研究課題/領域番号 |
23340040
|
研究機関 | 千葉大学 |
研究代表者 |
松元 亮治 千葉大学, 大学院・理学研究科, 教授 (00209660)
|
研究分担者 |
花輪 知幸 千葉大学, 先進科学センター, 教授 (50172953)
廣瀬 重信 独立行政法人海洋研究開発機構, 地球内部ダイナミクス領域, 主任研究員 (90266924)
町田 真美 九州大学, 大学院・理学研究院, 助教 (50455200)
根來 均 日本大学, 理工学部, 准教授 (30300891)
|
キーワード | 理論天文学 / X線天文学 / 磁気流体力学 / 降着円盤 / 宇宙ジェット / ブラックホール / 幅射流体力学 / 数値天体物理学 |
研究概要 |
理論シミュレーション分野と観測分野の連携によって「ブラックホール+降着円盤」系における降着率変動に伴う状態遷移過程の全貌を明らかにすることを目的として、(1)輻射磁気流体シミュレータ改訂班、(2)シミュレーション実施・可視化・データ解析班、(3)X線観測連携班による研究を実施した。

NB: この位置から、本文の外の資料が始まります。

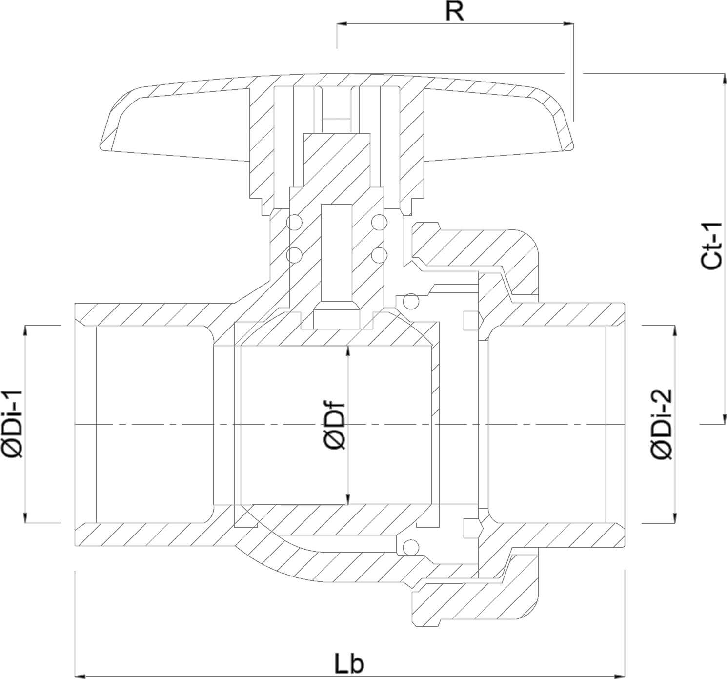 The PVC-U made Profec Ball valve with single union, type Safe 550 has a female thread connection connection and a maximum pressure of 16 bar. Profec Safe series ball valves are are equipped with secure locked ball. Seal material Hytrel/EPDM. The valves are available in a wide range of sizes.
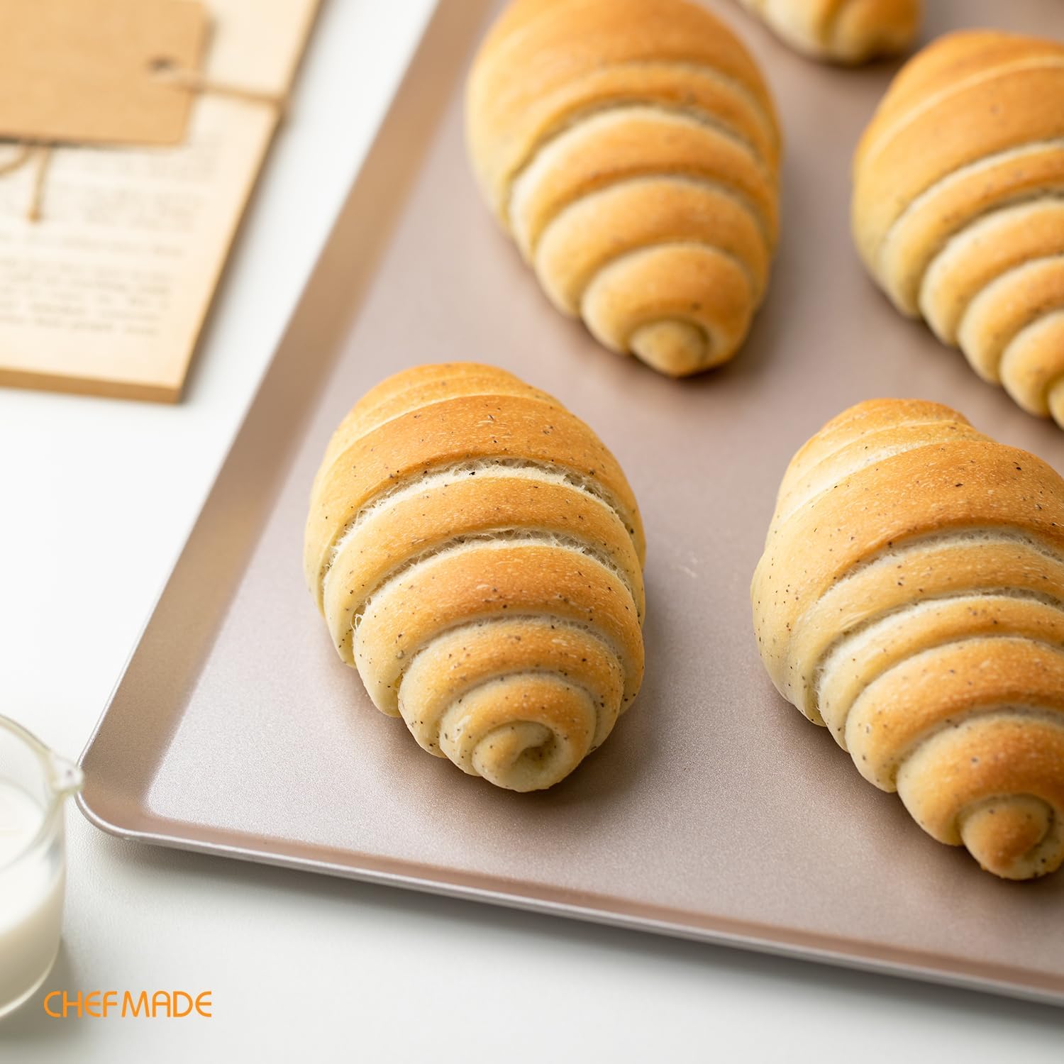CHEFMADE 15-Inch Baking Sheet Pan, Non-Stick Square Jelly Roll Bakeware for Oven Roasting Meat Bread Battenberg Pizzas Pastries 15.8" x 11.8" x 0.47" (Champagne Gold)
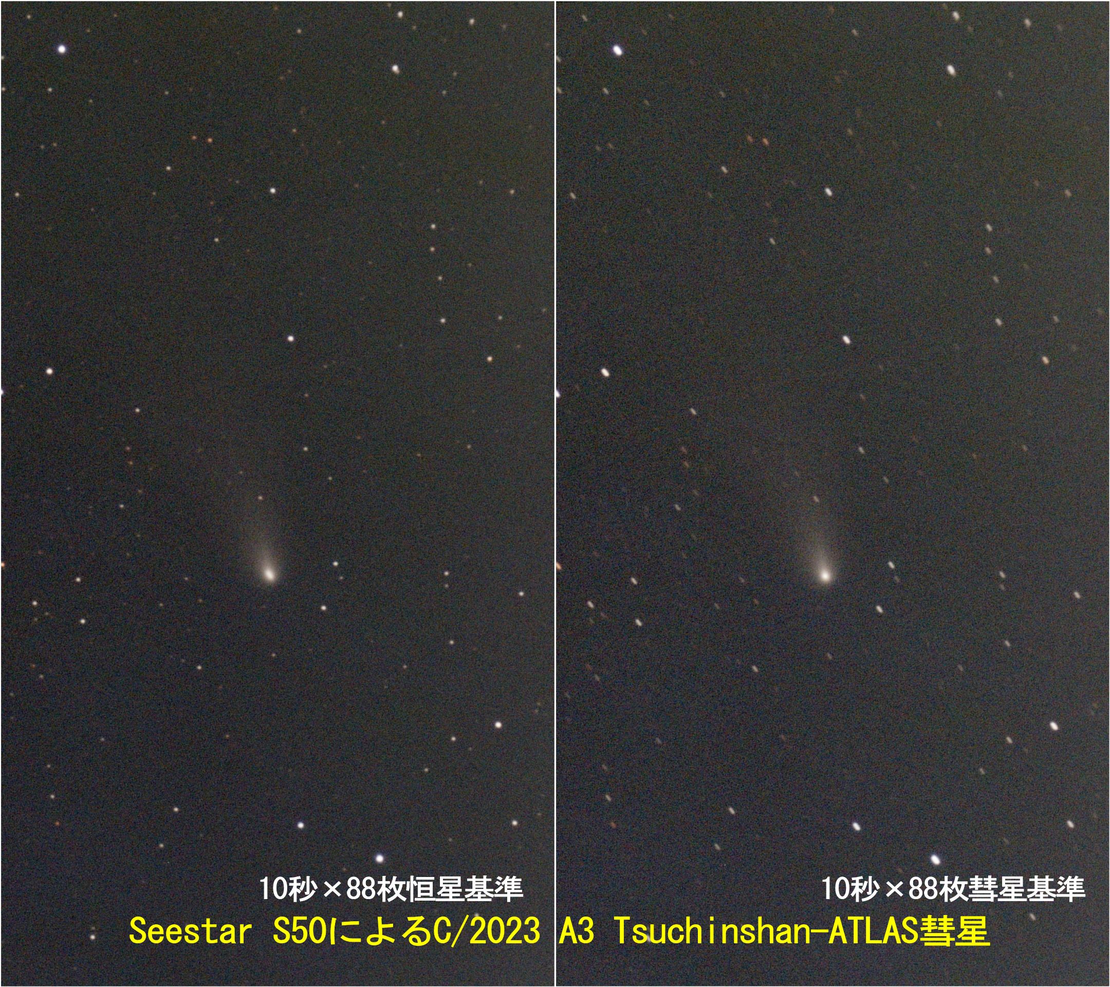 画像1に彗星を示します。10秒×88枚のFITS画像からSirilによるスタック画像で、左が恒星基準、右が彗星基準の処理です。撮影時間は15分、今までのように彗星基準にしても恒星が長く引く線はほぼ無くなりました。それだけ彗星の見かけの空の位置の変化が小さく今後は10分間のライブスタック撮影をしても違和感のない恒星、彗星の画像になるのでしょう。
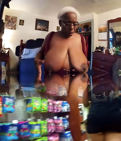 Obese mommy with big natural tits in dark-hued pantyhose with sex toy
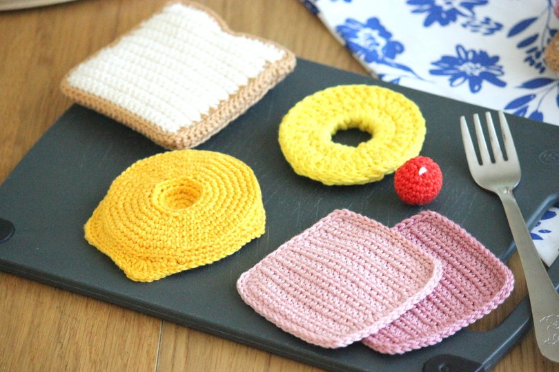 Die einzelnen Teile dieses interaktiven Menüs sind schnell und einfach nachgehäkelt und bringen eine Menge Spass! Eine tolle Ergänzung für die Spielküche der Kids - und ausserdem eine praktische Möglichkeit um Baumwollreste zu verarbeiten :-)
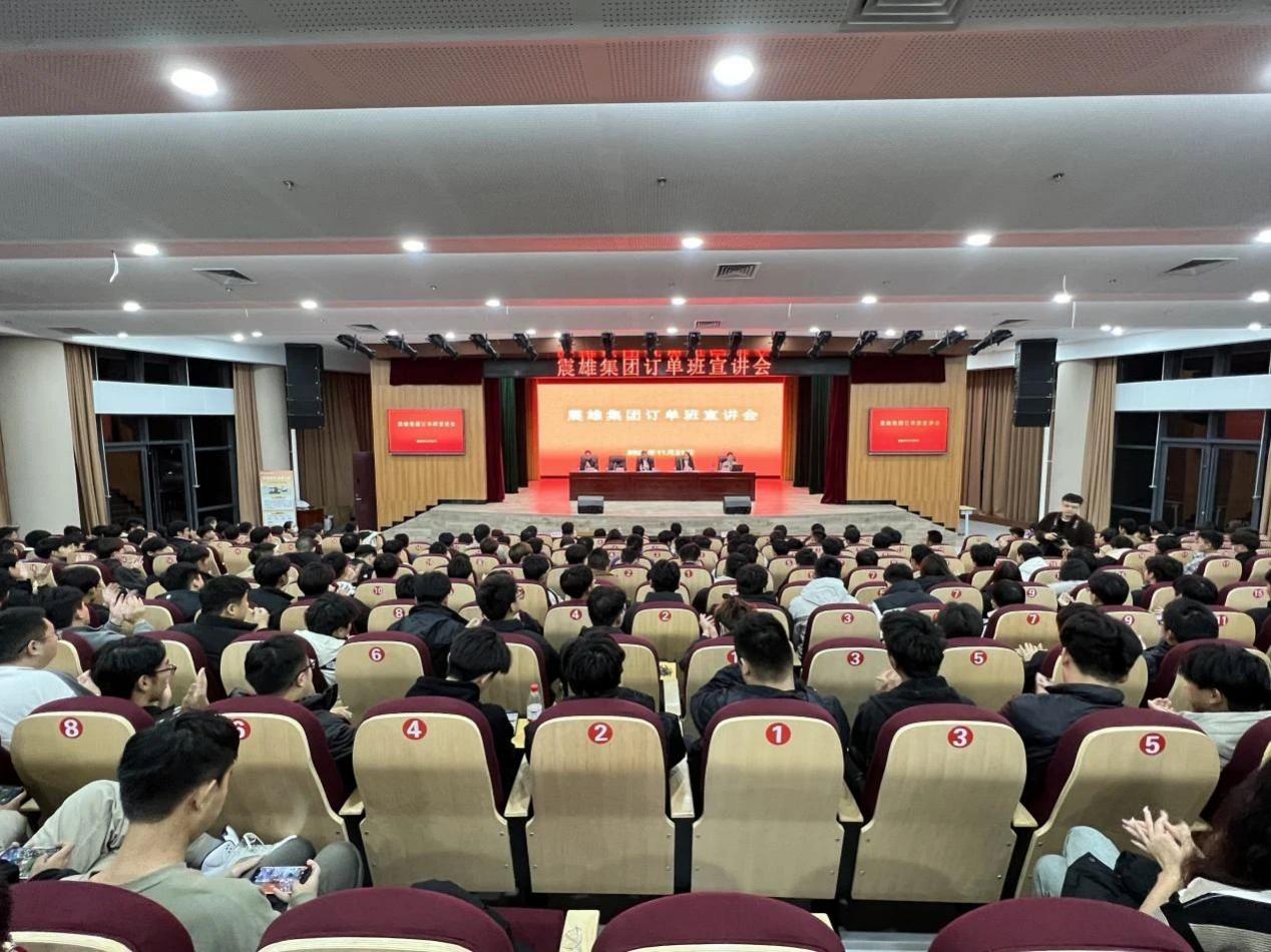 陈小承详细介绍了震雄集团的发展历程,从“订单班是什么”“同学们如何加入订单班”“订单班能给你带来什么”等方面推介震雄集团订单班,并热情地与同学们交流互动。

輻射磁気流体班では輻射輸送方程式の角度方向に関する1次モーメント式を用いて輻射流束の時間発展を陽的差分法によって解くモジュールを実装してテスト計算を実施し、降着円盤の3次元輻射磁気流体計算に適用する準備ができた。シミュレーション班では円盤ダイナモの3次元磁気流体シミュレーションを実施し、方位角方向の平均磁場が準周期的に反転すること、赤道面に関して対称な状態と反対称な状態間を遷移すること等を明らかにした。また、光子輸送のモンテカルロ計算を行って輻射スペクトルを求めるモジュールを実装し、ブラックホールへの超臨界降着の輻射流体シミュレーション結果に適用した。その結果、回転軸付近の低密度領域と降着流の境界に生成される衝撃波加熱領域における逆コンプトン散乱によって10keV以上の冪スペクトルが形成されること、降着率がさらに高い場合には円盤からの低温アウトフローでのコンプトン散乱によって5keV以上の成分が弱くなること等が明らかになり、超高光度X線源(ULX)で観測されている光度(降着率)と輻射スペクトル変化の関係を再現することができた。観測との連携については2011年8月に北海道大学で開催された滞在型ワークショップ「全天体形成」の第1週「コンパクト天体・活動銀河(オーガナイザー:松元)」において集中的な議論を行い、輻射磁気流体計算を通して説明すべき観測事実を明確にした。MAXIや「すざく」による観測結果についても随時、情報交換を行った。
|
現在までの達成度 (区分) |
現在までの達成度 (区分)
2: おおむね順調に進展している
理由
1次モーメント法に基づく輻射磁気流体コードの並列計算機への実装、低振動数準周期変動(QPO)の一因となる円盤ダイナモの3次元磁気流体計算、シミュレーション結果に基づく輻射スペクトル計算コードの実装等において成果が得られている。理論と観測の連携も強化され、研究はおおむね順調に進展している。
|
今後の研究の推進方策 |
東京大学情報基盤センター等に1PFLOPSクラスの超並列計算機が導入されて従来の10倍以上の計算量のシミュレーションが可能になり、円盤全体を計算領域とする大局的な3次元輻射磁気流体シミュレーションを実施できる環境が整った。この機会を活用して、高い並列性能が得られる1次モーメント法に基づく3次元輻射磁気流体シミュレーションを世界に先駆けて実施し、降着率変動に伴うブラックホール降着円盤の状態遷移過程を解明していく。平成24年度中に明るいハードステートからソフトステートへの遷移のシミュレーションを実施する計画である。